The school is named for Benjamin O. Davis Jr., a Cleveland school district graduate who led the Tuskegee Airmen during World War II and was the Air Force’s first African-American general. CMSD also operated an aviation school named for Davis at Burke Lakefront Airport until closing the school for financial reasons in the 1990s.

Fred Szabo is Cleveland’s interim director of port control, placing him in charge of two airports and lakefront municipal property. He promised to commit time and resources to the school, which he said will include playing a role in instruction.

The school’s founders want it to be as close as possible to Lake Erie and Burke. Szabo said the city has plans for the old aviation high school, but he will work to find space for Davis A&M at the airport.

The Lake Carriers’ Association represents 14 companies plying the Great Lakes with 56 vessels that Thomas Rayburn, director of environmental and regulatory affairs, said rate as “some of the most advanced, if not the most advanced” in the U.S. fleet.
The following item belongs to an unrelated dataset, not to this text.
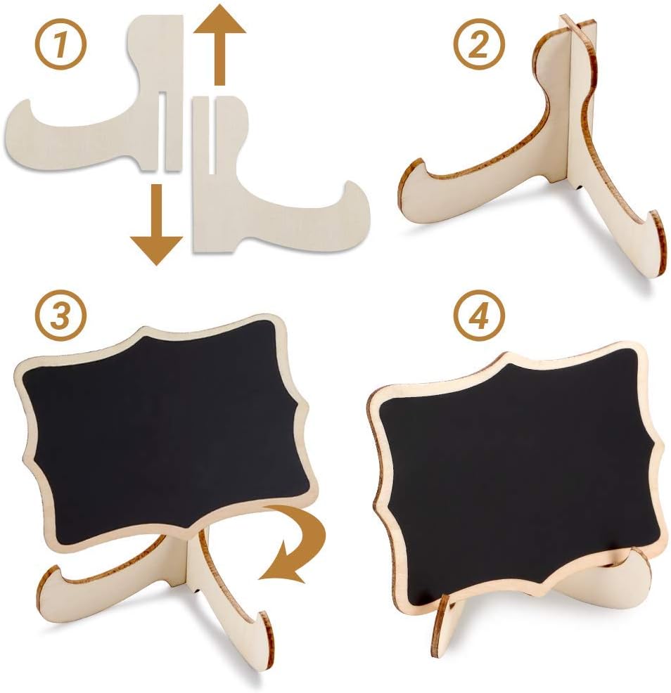 • Easy to Carry and Store: These awesome small blackboard signs have removable stands which allow them to stand up well on a table making them so convenient to use. The little easels can also be folded down flat, which makes them easy to store or carry. You can place the framed chalkboard horizontally or vertically and use them as wedding signs, table numbers, name tags, place cards, favor tags, plant decorative signs, food labels, and so on.

He said the association views the school as a pipeline that can help replenish the companies' aging labor force.

“One of the big issues for us is finding quality people and retaining them,” Rayburn said. 

Details are still being worked out, but the vision for the school calls for supplementing a core STEM (science, technology, mathematics and engineering) curriculum with technical and other studies – for example, airport management or marine biology – related to the aerospace and maritime industries. Graduates will be able to go on to college or use industry certification to start a career.

PHASTAR will oversee the school’s specialty programming. The group’s president, D. Andrew Ferguson, is a medical air service pilot who got hooked on his career after using a flight simulator as a student at University School.

“I was the kid we’re going after,” said Ferguson, who is now 40. “I was drawn in and wanted to pursue aviation at a young age.”

Representatives of PHASTAR and the District visited other industry-themed schools, including the New York Harbor School, Raisbeck Aviation High School near Seattle, the Maritime Academy of Toledo and West Michigan Aviation Academy.

The Cleveland Plan, a customized blueprint for education reform in the city, calls for providing a variety of school options so students and families can find the right fit.

CMSD started actively developing a portfolio of school models in 2006 with the opening of John Hay Campus schools devoted to science and medicine, architecture and design and early-college studies.

The District now offers a long list of choices that focus on STEM, the arts, single-gender education, career-technical fields and more. Major corporate and institutional partners support the schools in a variety of ways.

Davis Aerospace and Maritime High School is one of six new high school models CMSD will open next year.